An analysis here might split the global service economy into Premium, Mid-Tier, and Budget (my AI used 20%, 50%, 30%) and then make an assumption about the proportion of CX professionals to whom Mid-Tier and Budget apply to care relative to Premium (60% and 30%).  These highly creative assumptions and some basic math  show a ~100% increase in the size of the CX Labor pool if all CX was premium.

To summarize the thought exercise:

  • All CX organizations going to 24x7 would grow labor 150%
  • All CX organizations going Omnichannel would grow labor 20%
  • All CX organizations offering Premium level care would grow labor 100%

This stage of the thought exercise is to consider how much headroom there is for demand of CX labor.  The constraining factor on customer service is cost and lowered cost will increase consumption.  Jevons Paradox

The cycle will go like this:

  1. Generative AI will increase CX productivity (shrinking CX Labor demand)
  2. Cost of CX will drop
  3. Market participants expand coverage, channels, quality (growing the CX Labor demand)

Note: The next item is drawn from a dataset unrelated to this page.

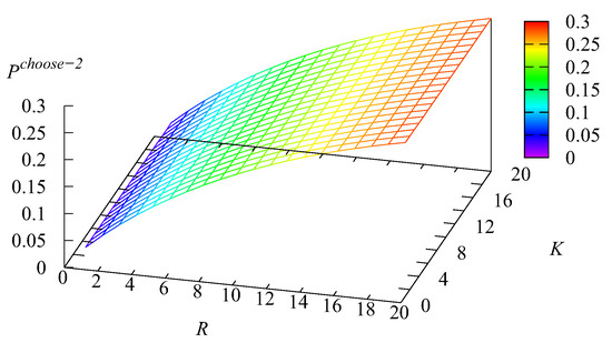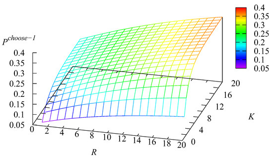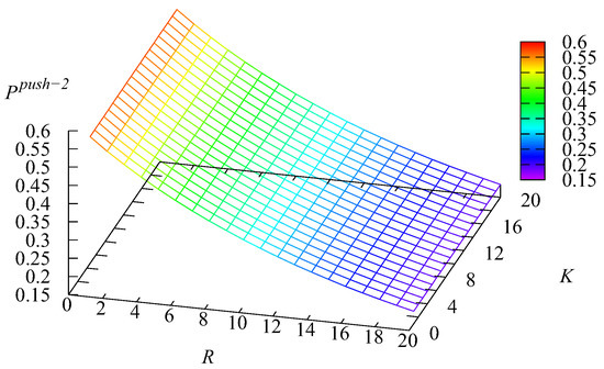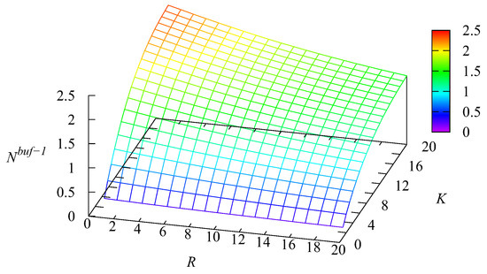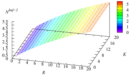 Figure 14 and Figure 15 depict the dependence of the probability that an arbitrary Type-k request will be selected for service from the k buffer, without visiting the main buffer on K and Recall that, for Type-1 requests, this can happen if all N servers are busy, the main buffer is empty, the service in one of the servers is completed, and the first intermediate buffer is not empty. For Type-2 requests, this can happen if all N servers are busy, the main buffer is empty, the service in one of the servers is completed, the first intermediate buffer is empty, and the second intermediate buffer is not empty. Figure 14 correlates with Figure 13. When K and R are large, the mean number is the minimal. Thus, the probability that the infinite buffer is empty at the moment of a server releasing is high and the probability is large. Analogously, when K and R are small (the main role is played by the capacity R of the intermediate buffer, which stores a more intensive flow of Type-2 requests), the mean number is the max. Thus, the probability that the infinite buffer is empty at the moment of a server releasing is small, and correspondingly, the probability is small. The growth of with the increase of K (which is sharper when K is still relatively small) stems from the increase of the probability that the first buffer will not be empty at the moment of a server releasing. The reason for the growth of with the increase of R is similar. The impact of the variation of K on the value of is weak.

Imagine a world where every product or service comes with high quality CX.  This is a CX Renaissance

Conclusion: A Paradox That Drives Growth

So what’s going to happen to the CX Labor market?  I’m not sure, but I’m not worried about a collapse.  Jevons Paradox predicts a comforting ballast effect to the increase in productivity.

It’s also relevant to consider the global economic consequence of AI.  In a recent interview, Satya Nadella reframed the Artificial General Intelligence (AGI) timeline debate as a milestone where we achieve a 10% growth rate for GDP.  For sure, this will change the nature of work but a trillion dollars per year in new economic activity is going to require a lot of additional CX.